An Evening With Reverend Naomi Tutu
It was the evening of March 8th, International Women’s Day, and the room filled with people who were excited to hear Reverend Naomi Tutu speak. Posters promoting the event had been plastered around Colorado State University (CSU). Everyone was excited to hear what nuggets of wisdom Reverend Tutu had to share. As introductions were made, more and more chairs were brought out to accommodate the growing audience.
To kick off the event, Fort Collins’ mayor, Jeni Arndt, spoke about International Women’s Day and meaning is held in celebrating the day. “International Women’s Day is celebrated globally by those who support gender equity and who seek to improve the lives of women, girls, nonbinary, trans, two-spirit, and gender diverse,” Mayor Arndt said.
Kathleen Fairfax, Vice Provost of CSU’s International Affairs department, introduced Reverend Tutu as a “great advocate for gender and racial justice.” She told the crowded room about how Reverend Tutu had shown great perseverance as a Black woman building a name for herself in the world of academia. “Those experiences taught her that our whole human family loses when we accept situations of oppression and also how the teaching and preaching of hate and division injure us all,” Fairfax said.
Reverend Tutu started the night by introducing the topic of “striving for justice and seeking common ground,” as she worded it. She elaborated on the vast topic and shared what it was like to grow up as an African child who understood the things around her quite literally.
She explained that she struggled to understand proverbs as a child.
“‘The elephant never finds its own trunk heavy.’ First of all, which elephant are we talking about and who asked the elephants if they never find their own trunks heavy?” Reverend Tutu joked.
This example was quickly followed up by a second and her quickwitted humor had only just begun.
“‘The child that does not cry, dies on its mother’s back.’ So wait, this human being took another human being and put that human being on their back and they forgot that they had a human being on their back because that human being did not cry and how many days would you have to carry your child on your back with that child not crying for the child to eventually die? Really?” Reverend Tutu said.
Reverend Tutu gave a final example. This one exemplified her original topic of seeking common ground but still had her everpresent hilarity.
“‘In the time of floods, the wise build bridges, the foolish build walls.’ Now, at the time I first heard it, my initial reaction was, ‘There’s a flood. Why are you building anything? You should be getting away. I don’t care bridge, wall. Do not build. Get away from the flood,’” Reverend Tutu said.

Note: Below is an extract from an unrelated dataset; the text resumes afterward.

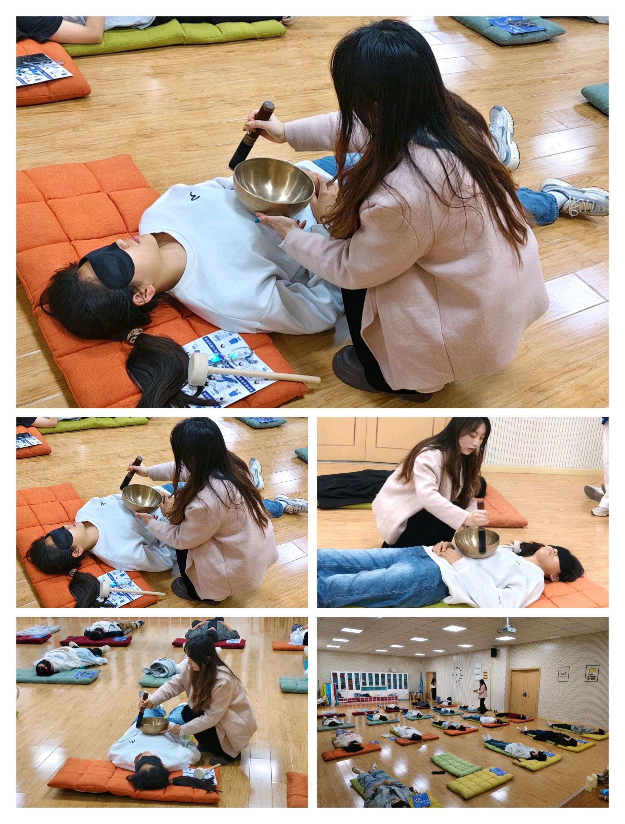 团辅室内,参与者们静躺在棉垫,跟随深沉柔和的颂钵声响,进入了深度放松状态。颂钵的振动不仅在身体层面疏通淤堵、促进血气循环,还在能量层面唤醒、净化、平衡七个脉轮的能量,提高免疫力。精神层面上,颂钵的声音越过理性思维,带来深层的放松效果。参与者们在活动后纷纷表示,颂钵治疗让他们体验到了前所未有的放松和愉悦。一位参与者分享说:“这次的颂钵疗愈,对我来说,是一次全身心的放松。我已经很久没有体验到这种感受了,真的很神奇。”颂钵治疗不仅改善了参与者的睡眠质量,还舒缓了心身压力,协调了情绪,缓解了疼痛感受。

She went on to explain that we all have the choice to either work alone or work together when a crisis hits. It is only once we choose to work together, help one another, and seek common ground that we find solutions.
Reverend Tutu preached about how there is division and intense segregation all around the world. People are divided by family, race, sexual orientation, gender, and wealth. All of these are just social walls that humans put up. There is no method to the madness. At the end of the day, we are all connected by a single thread of gold — We are all human.
“But the truth of the matter is that if you are a parent, a sister, an aunt, a grandmother, a grandfather whose child, niece, member of the community is killed in sectarian violence, the pain you experience is the pain of that loss and that is not determined by your denomination,” Reverend Tutu said.
She shared her thoughts on how to overcome obstacles like those. The answer is clear and open communication. We have to talk about the things that are hard to talk about. We have to voice the thoughts that never get voices.
“We have to have those conversations that are dangerous,” she said. “We can have dangerous conversations politely.”
Reverend Tutu concluded her inspirational sermon by looping back to how she had started it. In today’s world, society is building walls when they need to be building bridges. These bridges will lead to conversation and conversation will lead to change and justice.